The Point of Pretend
If you are as interested in investing as most of our readers are, the very idea of this contest will be intriguing. But since it won't happen, what's the point of bringing it up? Because putting things in this perspective highlights just how restricted many managers are--by their funds' mandates, by their supervisors, by the endless short-term performance scoreboards and the pressures those create.
It also helps illuminate a point not always recognized. When Morningstar fund analysts evaluate a fund, we evaluate the entire fund--its structure, its costs, its family, as well as its manager. With rare exceptions, we are not delivering a judgment purely on the manager's ability as a investor. We evaluate the fund as a whole package, for that's the choice available to the average investor.

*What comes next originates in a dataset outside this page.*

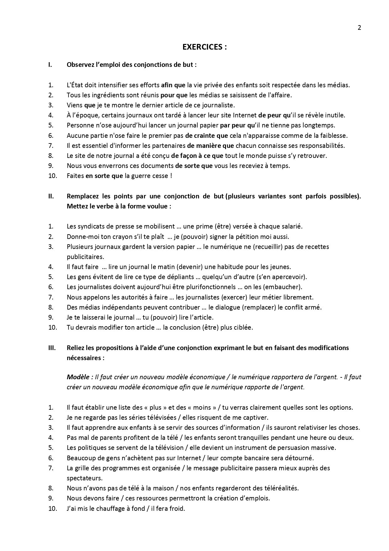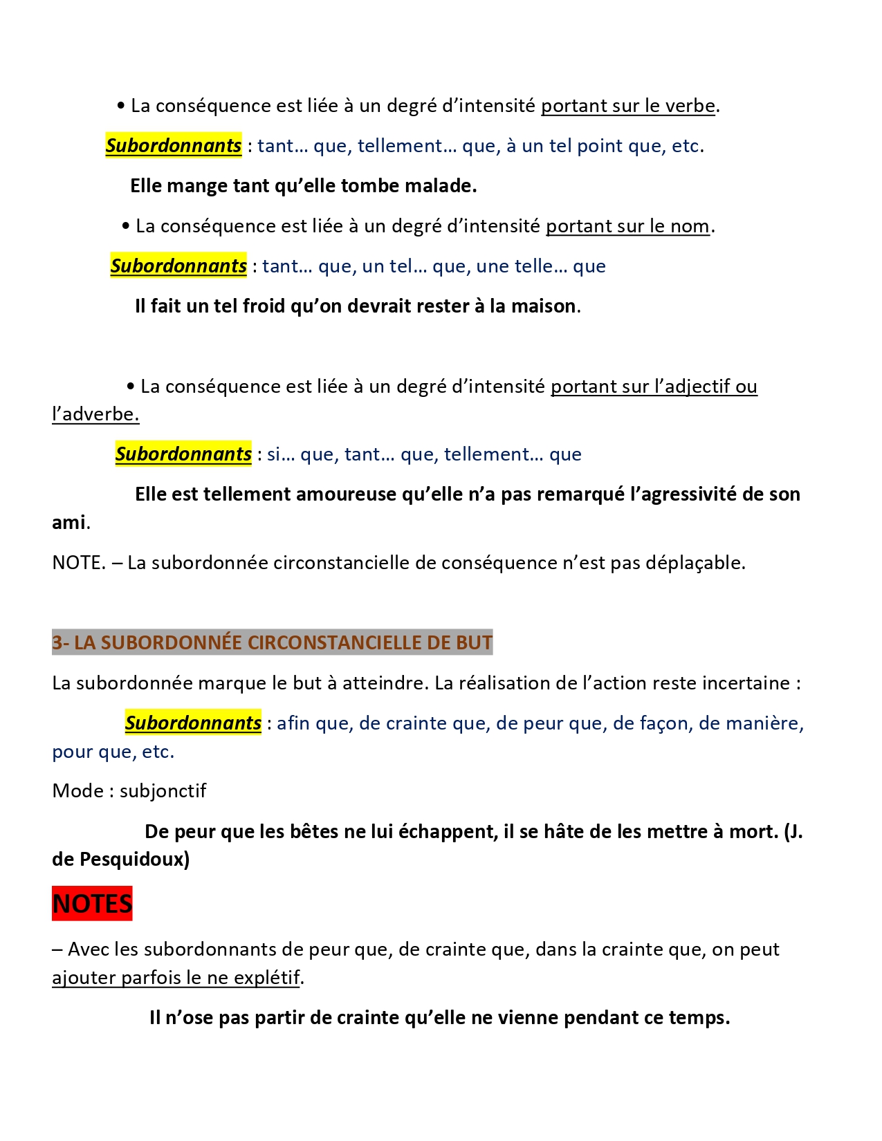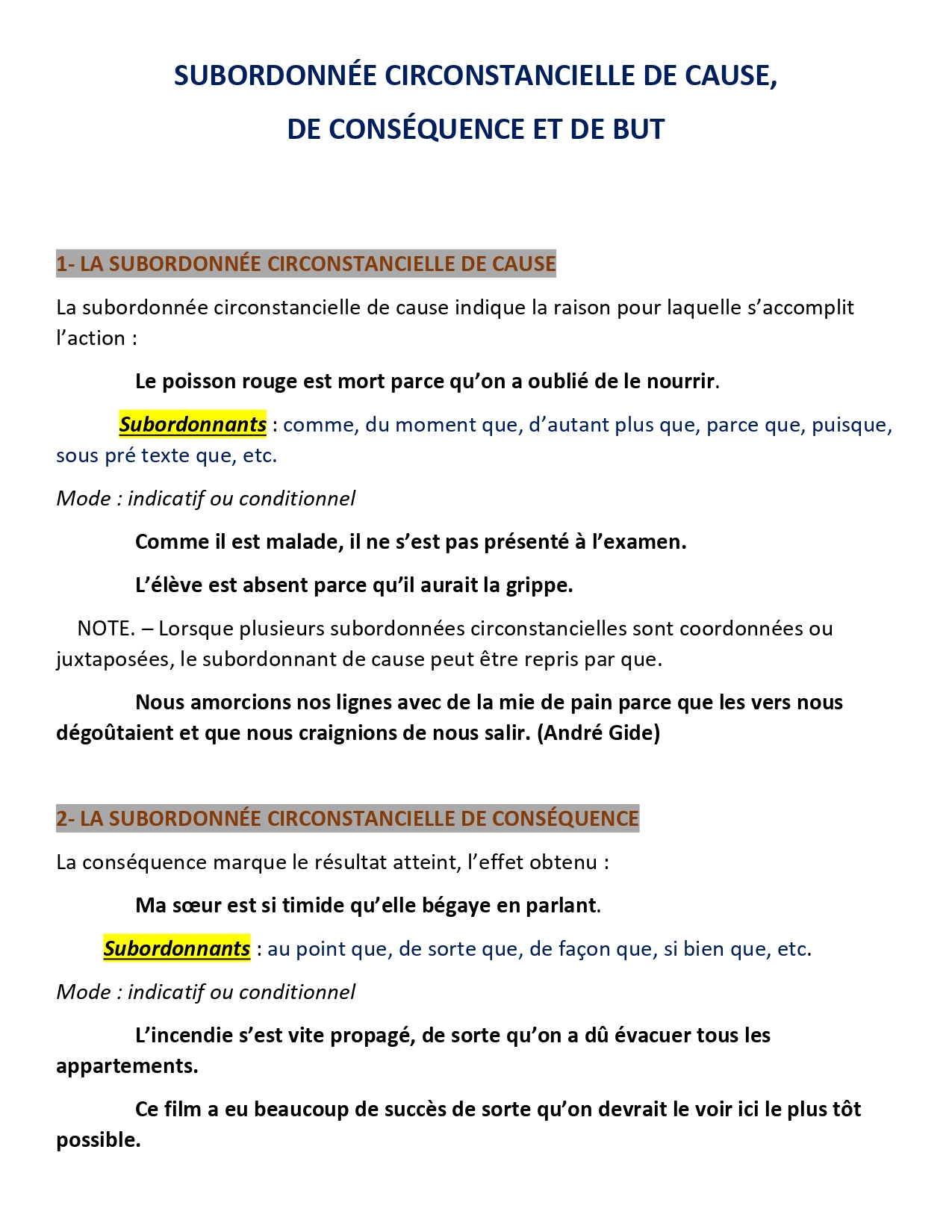Leçon exercices corrigés : La subordonnée circonstancielle de cause, de conséquence et de but.

Perhaps this exercise also will induce some of you to reconsider your commitment--if you have one--to funds with overly restrictive mandates. Yes, you might feel the need to exert a lot of control over your asset allocation. That's understandable. Even so, you could consider owning one or two managers with more leeway to follow their instincts. Not necessarily an extreme do-anything fund, either--just one that's not as hemmed in by restrictions as many are today.
Canny, patient managers will use that freedom to their advantage. Stick with them for the long run and make it work to your advantage, as well.
Gregg Wolper is a senior analyst with Morningstar.